IGN VOLTS is sensed at ignition switch terminal 5 by wire A11A20O which feeds the GEA 24.

With ignition switch Off terminal 5 is connected to the battery via switch jumper 5-3. Terminal 5 should see battery voltage when the ignition CB is pulled.

Give it a try on your plane and see if the results are the same with the breaker (no sense in testing the fuse)

Given that I have always assumed book values are best-case numbers, and that, in my experience, with flying only a couple of hours a week, the PowerSonic battery is never fully charged, given its self-discharge rate and the time required to charge to 100% (28+ hours).

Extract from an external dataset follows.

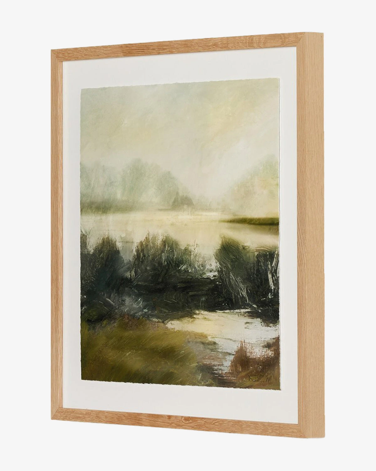 A calming lakeside scene comes to life with each detail in Lake House by Dan Hobday. A museum-quality piece presented on textured fine art paper, the expressive artwork tells a story wherever the piece rests. Â

I will be upgrading the AGM battery before I go too far from a precautionary landing site.

Excellent write up @ve6yeq - great information.

I think anyone that chooses NOT to upgrade the PowerSonic battery should at least consider wiring in a charge setup so that a NOCO or similar AGM battery tender can be connected to ensure the battery is maintained and fully charged when ready to fly. They should already be ensuring the starter battery is charged for any periods of non use, this is your first level alternator failure protection.

Great discussion on this forum and a lot learned by me and others stemming from the N40DT discussion. I personally have improved my G3X alerting and understanding of the systems and what to do in the event of an ALT failure to force loads to the IBBS, etc. Thanks all that participated and helped to educate those watching.

 

[Cactus Charlie]

The load I considered is a single Lightspeed Plasma III configured for an IO-360, with a rated power consumption of 1.3 A at 13.8 V. Since power consumption should be approximately constant with voltage, I assume it is 13.8 V * 1.3 A = 18W.

I would expect the current drawn by each ignition module to depend on engine rpm. The higher the rpm the greater the current.

Ignition battery current is instrumented in my FX-3 but that gives me ignition module current only when emergency ignition is active. The highest value I have recorded is 2.0 A but it is more typically around 1.2 A- 1.3 A at run-up rpm.